Further, they note that the role AI will play in mathematics will be as a tool or assistant, but not as an autonomous professional mathematician. They envision handing off to a future, FrontierMath-capable AI system “slightly boring bits of research” or “technically demanding calculations” that would form components of a larger proof the human mathematician is working on. They emphasize that AI systems are currently limited by the lack of publicly available training data for FrontierMath problems, which I take to mean that they do not expect AI systems to eventually solve problems via reasoning—rather, it will be a matter of higher levels of brute-force memorization.
A thumb on the scale?
OpenAI, clearly, was not satisfied with the not even two per cent score achieved by ChatGPT 4 and ChatGPT o1. So, when their latest LLM, ChatGPT o3, was released, they re-ran the FrontierMath tests and achieved a score of 25 per cent—a large improvement but still not hugely impressive. Nonetheless, the question arose as to how OpenAI achieved such an improvement in a very short period of time.
Here's where you might excuse me for wanting to put on a tin-foil hat. EpochAI quietly re-issued their paper in late December, with one line in a footer on the first page acknowledging OpenAI’s support for the FrontierMath project. Not only did OpenAI provide financial support, but it turns out that, unbeknownst to the mathematicians designing the tests, the company had access to the FrontierMath dataset. EpochAI quickly pointed out that OpenAI didn’t get all the test questions, there was still a ‘holdout’ dataset of questions known only to EpochAI’s team. Also, both organizations insist that OpenAI did not train ChatGPT o3 on the data it had access to, although EpochAI has launched an investigation.
What do we make of this? I’d say, given ChatGPT 4’s dismal results in the first round, it’s probable that OpenAI had not trained it on the test data. But I can’t help but be suspicious that the company might have tipped the scale a little bit for o3—I am very eager to see the results of the investigation and will continue to follow this story.
Waiting for Olivaw
We’ve seen that passing the Turing Test is at best an exercise in successful mimicry, and it probably doesn’t provide a meaningful measurement of intelligent behaviour. The FrontierMath story further tells us that generative AI systems can’t reason their way through unfamiliar problems in the way that humans can, and have not shown any ability to learn how to do that. Matching patterns of tokens, even at large scale, can look impressive but I’m not convinced that it is the right technical architecture to deliver true human-level intelligence. The term AI seems to me to be half-right. Artificial, yes; intelligent, no.

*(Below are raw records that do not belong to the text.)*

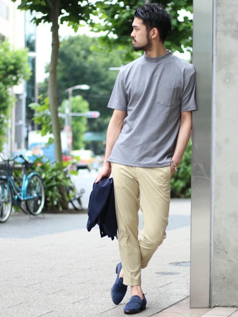 スポーティな雰囲気を持つモックネックTシャツに足元はアンクルパンツ&ロファーで上品にまとめています
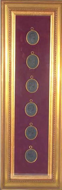 Twelve Wedgwood oval black basalt portrait medallions of Roman Emperors mounted and glazed in two frames, each medallion approx. 5cm (2in) high.
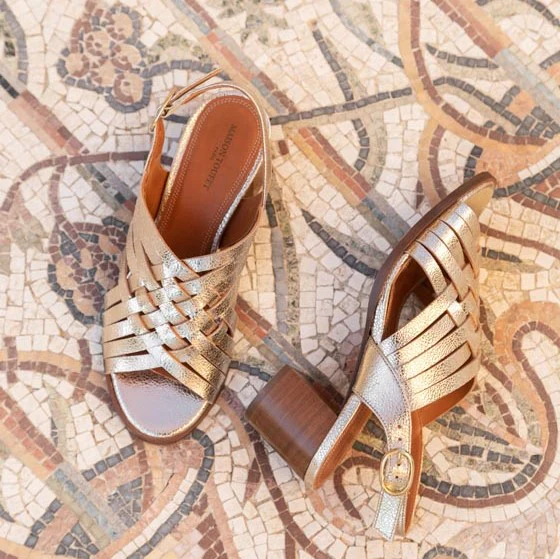 Sandales plates platines, cette jolie paire donnera de l’allure à votre garde robe. Grâce à son talon épais et sa bride à l’arrière, la sandale vous garantie confort et maintient tout au long de la journée.

So, let’s drop AI and all its attendant anthropomorphism from our vocabulary. There are many other forms of technology, like machine learning, neural networks and deep learning systems, that can be useful now. Generative LLMs will eventually find their place but will have to overcome quite a few obstacles before they become seriously useful and trustworthy.

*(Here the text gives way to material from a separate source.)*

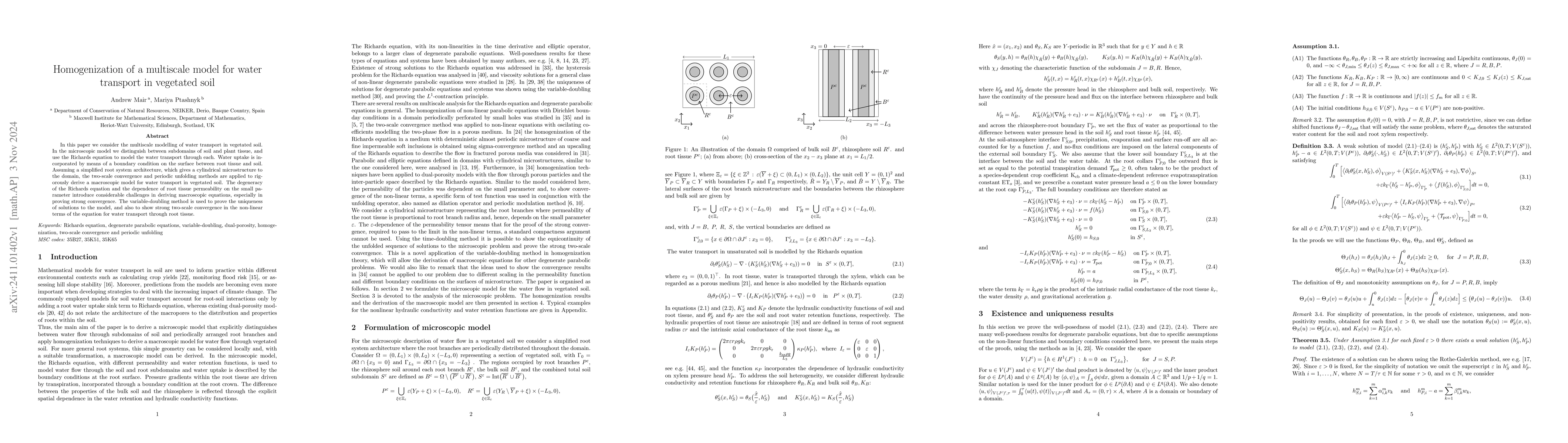 This paper develops a multiscale model for water transport in vegetated soil, distinguishing between soil and plant tissue using the Richards equation, and applies homogenization techniques to derive a macroscopic model, addressing challenges related to equation degeneracy and variable permeability. The variable-doubling method proves solution uniqueness and strong convergence.

Will we ever meet R. Daneel Olivaw? I think Isaac Asimov was on to something, and his estimate of almost three millennia sounds pretty much right to me.
[1] Watson’s opponent was the show’s highest-earning human winner at the time, Ken Jennings. He is now the host of Jeopardy!
Good perspective Feite. Was just reading about China’s DeepSeek. The ground continues to shift.
Very interesting and also reassuring....human intelligence still able to win.